For many people, having a bath is a surefire way to unwind – but there’s a new project designed to heighten all your senses while you do so. It’s been specifically created to help you relax and experience joy, all from the comfort of your own home.
Melbourne Fringe artist Alex Hines as alter ego Juniper Wilde listening to the digital work, Play in your Bathtub 2.0.Credit:Justin McManus
It’s a simple, slightly kooky idea inspired by the pandemic, the brainchild of New York-based This Is Not a Theatre Company. Since its release in March 2020, Play In Your Bathtub 2.0 has been translated into 34 languages and enjoyed by people around the world. Now it’s coming to Melbourne Fringe.
The company’s artistic director Erin B. Mee came up with the concept when COVID hit. She was in Argentina, which went on to experience one of the world’s longest lockdowns. A lover of the bath, she started to think about what you could do if you combined the need to chill out in the safety of your own home with the theatre. “What kinds of things can we do with a tub?” she wondered.

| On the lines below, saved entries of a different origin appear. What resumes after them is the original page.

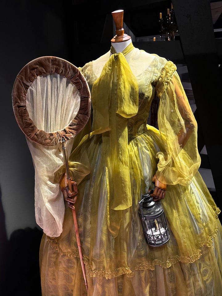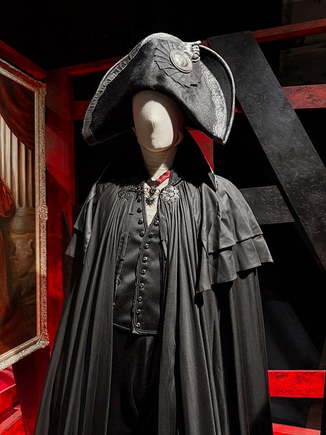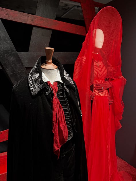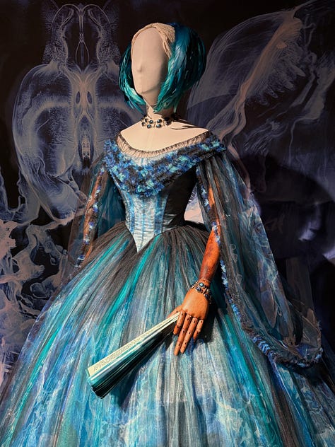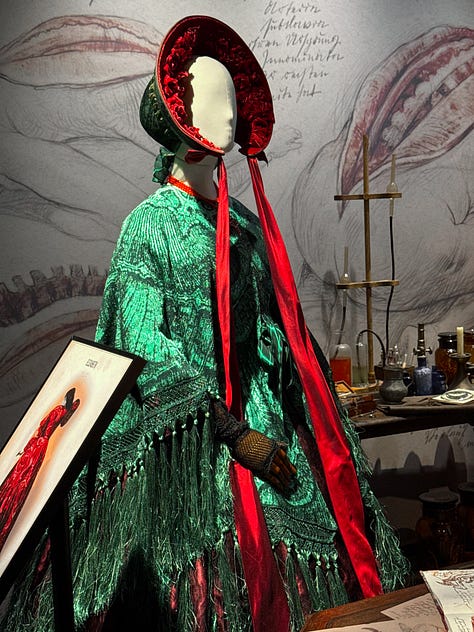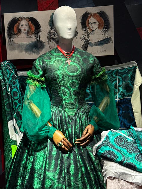 The exhibition was wonderfully immersive, featuring so much superbly imaginative artwork from the making of the film, as well as behind-the-scenes featurettes, and a stunning array of costumes. If there’s anything Guillermo del Toro excels at, it’s creating vibrant Gothic worlds for his films that get the understandably tricky task of balancing colour and darkness just right. His 2015 film “Crimson Peak” is a favourite of mine for this very reason; it proves that Gothic does not necessarily facilitate a monochrome palette (as much as I adore the monochrome look). All the ghosts and melodrama of “Crimson Peak” are just as gloomy when draped in deep red, vibrant teal, and rich gold lighting and costumes, and “Frankenstein” follows suit. The almost haemoglobin-esque patterns of some of the dresses reminded me of the typical endpapers on Victorian books. Needless to say, after the exhibition my enthusiasm reached new heights…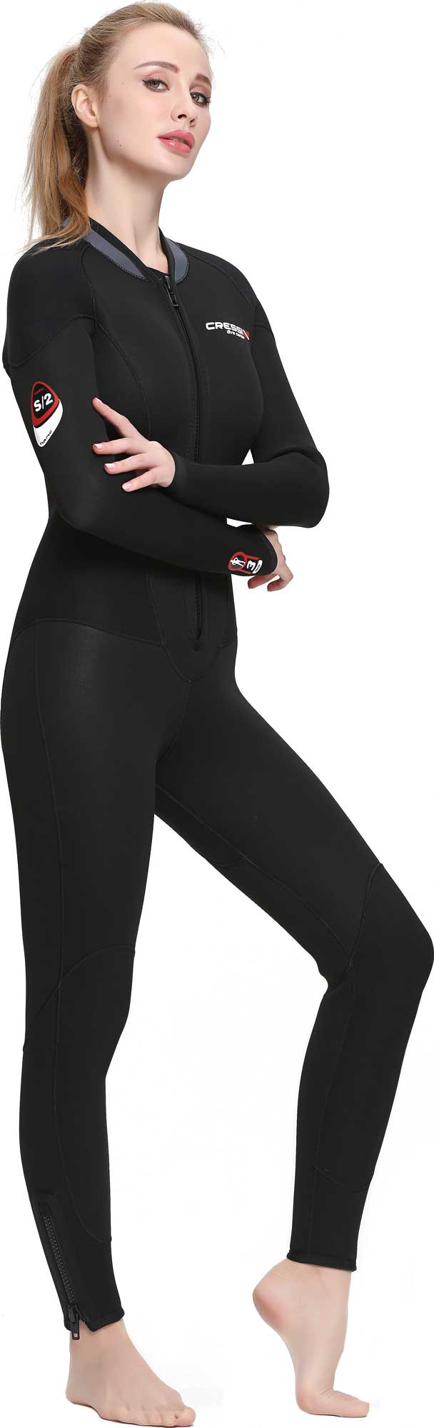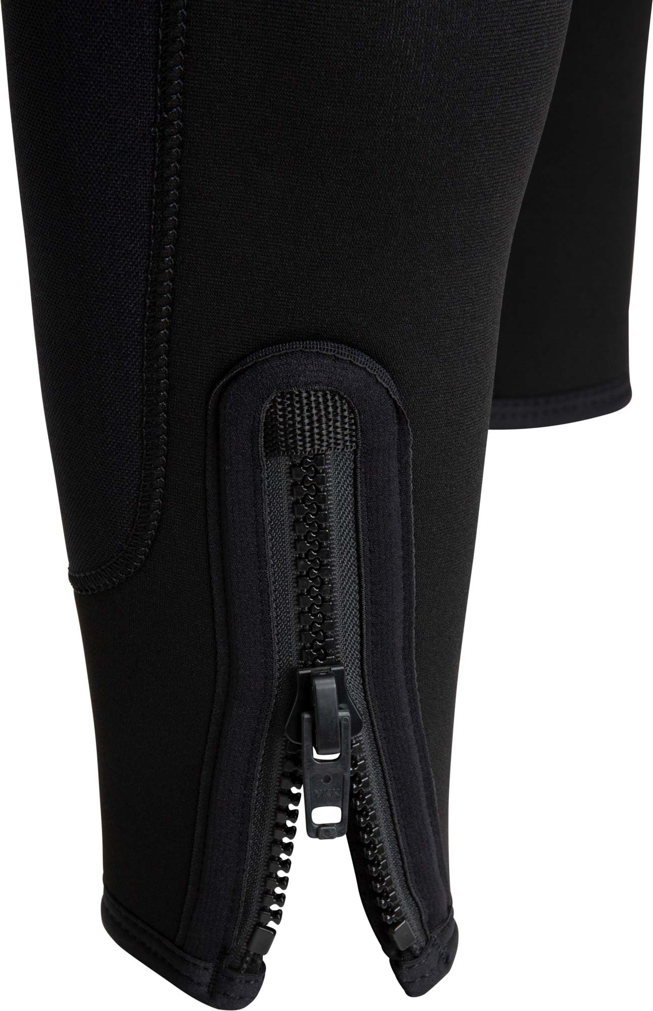 • Zips on the ankle cuffs make it easier to get in and out of the wetsuit.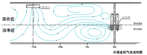 在廠房高度范圍內(nèi)形成兩個區(qū)域,下部為溫度適宜清潔區(qū),上部為溫度較高的混合區(qū);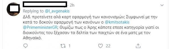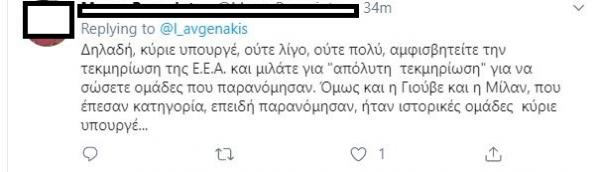Οι ποινές είναι ξεκάθαρες», ήταν μερικά από τα μηνύματα που δέχθηκε ο Υφυπουργός στον λογαριασμό του. Ο κόσμος έβγαλε στη… σέντρα τον Υφυπουργό και ζητάει να εφαρμοστούν οι νόμοι και ποινές, που προβλέπουν τον υποβιβασμό των δύο ομάδων.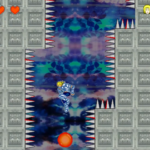 While there’s nothing complicated going on here, it’s still solid with a mix of basic platforming in addition to obstacles that feel ripped out of a Mega Man level. You’ll dodge spiked walls and jump across disappearing blocks. Though there is this annoying mechanic where you have to land on moving boars in a very precise spot on their back. If you miss, you lose a third of your life.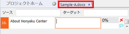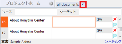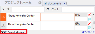 プロジェクトの左メニュー[翻訳]には編集対象の文書が表示されます。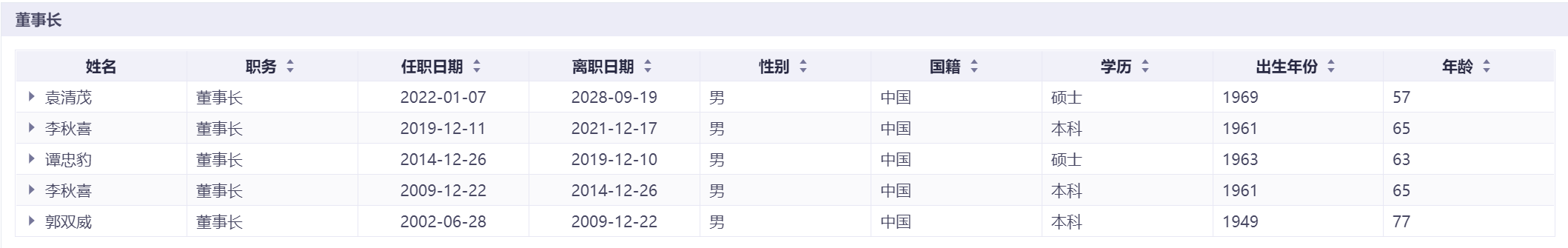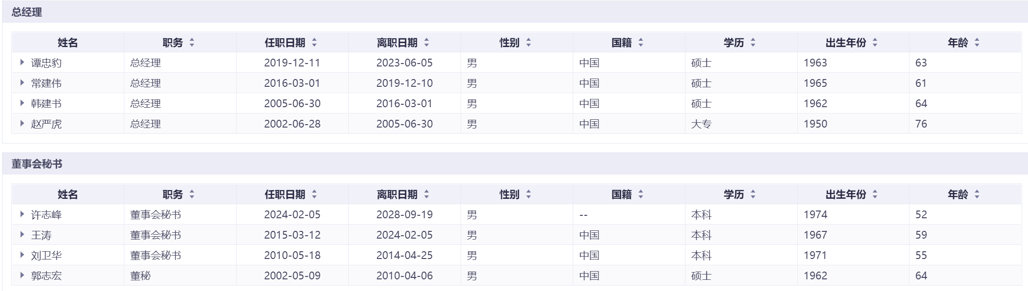 贵州茅台现任管理层以及历届变动情况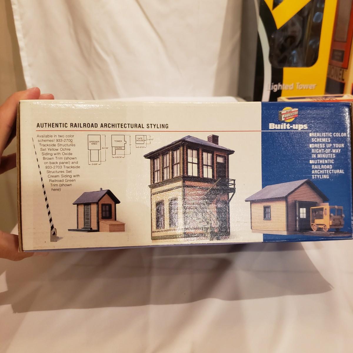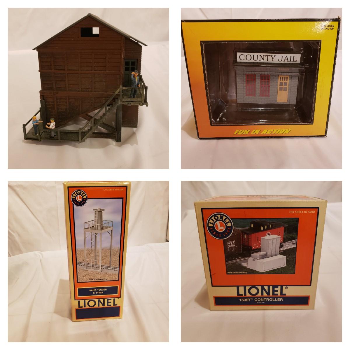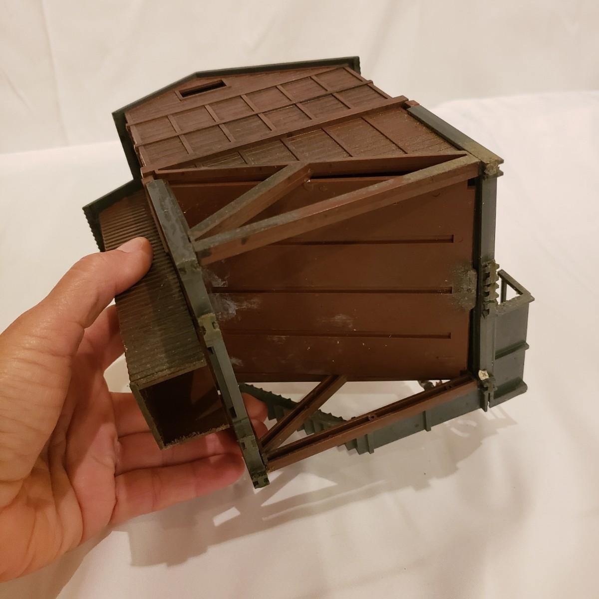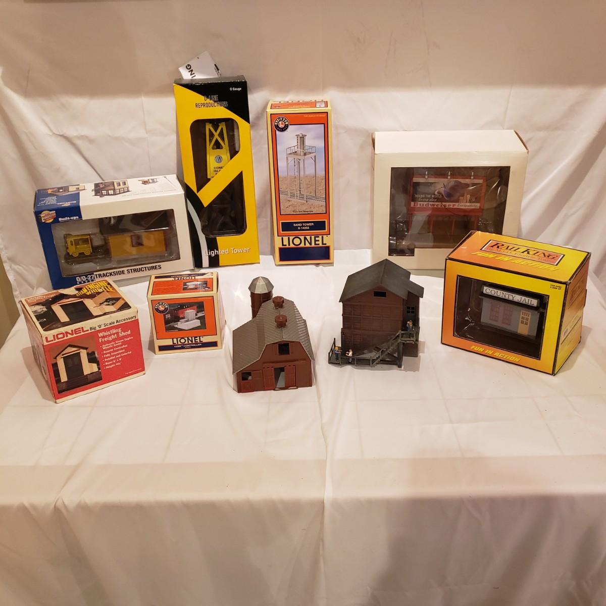 This train building lot features six NIB buildings and one that comes with the original box. The Whistling Freight Shed has been used, but has it's original box. The barn measures 9" x 6" x 6"H. The roof is removable. See pictures for details.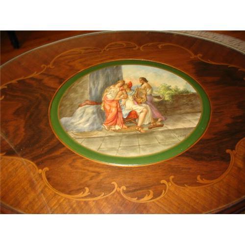 Awe inspiring. Vainy was an artist during the Russian Revolution and the stunning exquiste porcelain signed and painted by him is of three muses sugesting he could have painted it prior to the Russian Revolution. The rich walnut wood comprising the coffeee table has lush multi-wood inlaid top that just adds to the richness of this remarkable piece. The details of the signed porcelain measuring 12 x 10 by Vainy just add to the value and this majestic piece of furniture.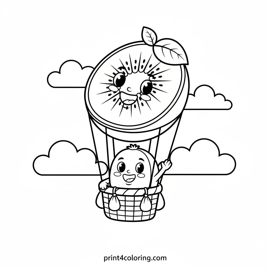 Join our cheerful kiwi fruit friend on an exciting journey high above the clouds! This adorable coloring page features a happy kiwi character peeking from the basket of a giant hot air balloon, shaped just like a yummy kiwi slice. Imagine gentle breezes as you bring this whimsical scene to life with your favorite colors.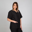 Blusa de mujer tipo carcasa de manga corta, con aberturas laterales. Moderno cuello chimenea y cierre frontal con cremallera. La prenda de estilo semi ajustada, cuenta con costadillos en el delantero y pinzas en la espalda para un ajuste perfecto. Fabricado con microfibra 360, 95% poliéster y 5% elastano. Tejido con tratamiento antibacteriano SILVADUR que aporta frescura y protección. Su propiedad elástica 360 permite una libertad de movimiento excepcional. Ideal para profesionales de la salud en hospitales, clínicas, centros médicos, farmacias, veterinarias, estética, spa, limpieza y comercios. * Las medidas son orientativas y pueden variar en unos pocos cm. Las medidas de pecho, cintura y cadera indicadas en la imagen corresponden a los cm. de la prenda sobre una superficie plana, para determinar el contorno aproximado se debería multiplicar la medida x2.

At the same time, her mind was ticking over with ideas about continuing to make work and somehow get it to audiences. “How do we make theatre for this historical moment, how do I make something that at least I relate to. How can we make sure that it is still site-specific and interactive?”
Melbourne Fringe artist Alex Hines/Juniper Wilde says a mix of live and digital events at Fringe is ideal.Credit:Justin McManus
While traditional theatre plays with sight and sound, her company is committed to work that uses all the senses. That prompted her to think about scented candles or bath salts, the idea of having a cup of tea or a glass of wine in the tub. “Also a dance of fingers across the water or [using your] toes, putting a washcloth across your neck. [We] began to build it in a modular way, with things that would be fun or interesting to do in the tub, then what poetry and what kinds of music would work.”
The theatre company was created in 2013, by Mee and Jesse Bear, who writes many of the company’s shows. “What we do is site-specific, interactive or immersive, experiential theatre. We enjoy creating pieces that are co-created by the audience – that really allow audiences not to sit and watch the results of our creativity, but to practice being creative themselves.”
According to Alex Hines, who has two shows in this year’s Fringe Festival including To Schapelle and Back, what started as artists troubleshooting in the pandemic with online shows has now become a way to present art to a wider audience. “It allows for more voices to be heard and more people to hear them. More people can experience your art and engage with your work in a way that is accessible to them,” they say. “I can experience this art from New York in the comfort of my bathtub.”
Play In Your Bathtub 2.0 was distributed through an organisation called Fractured Atlas in the US. Mindful that many people had lost their jobs due to the pandemic, it was available for free and a donation requested if people could afford it.
A theatre in Moscow made contact to say they wanted to translate it into Russian. “They had an opening night Zoom party with 400 people zooming in from their bathtubs; they were able to control what was in and out of frame, many of them were wearing bathing suits,” Mee says with a laugh. It was a way to come together, in a moment when that was physically impossible.
“It’s a two-hander play – the two characters are the listener and the bathtub, so it’s different every time. It was designed as a break from anxiety and an opportunity to relax and to have fun and to play and be whimsical, noodling around in the water, [with a] tea or a glass of wine,” Mee says, adding there’s the feel of the water on your body as well.
She makes the point that these site-specific plays are “differently accessible”.
“There are ways in which theatre in the home can be easier to access for certain people and more inviting,” Mee says, adding that a series will be released in the next few months, with shows for the living room and the kitchen, and another for children designed to take place in a blanket tent that you make in your loungeroom.
Play In Your Bathtub 2.0 is part of the Melbourne Fringe Festival, from October 6-23. The Age is a Fringe festival partner.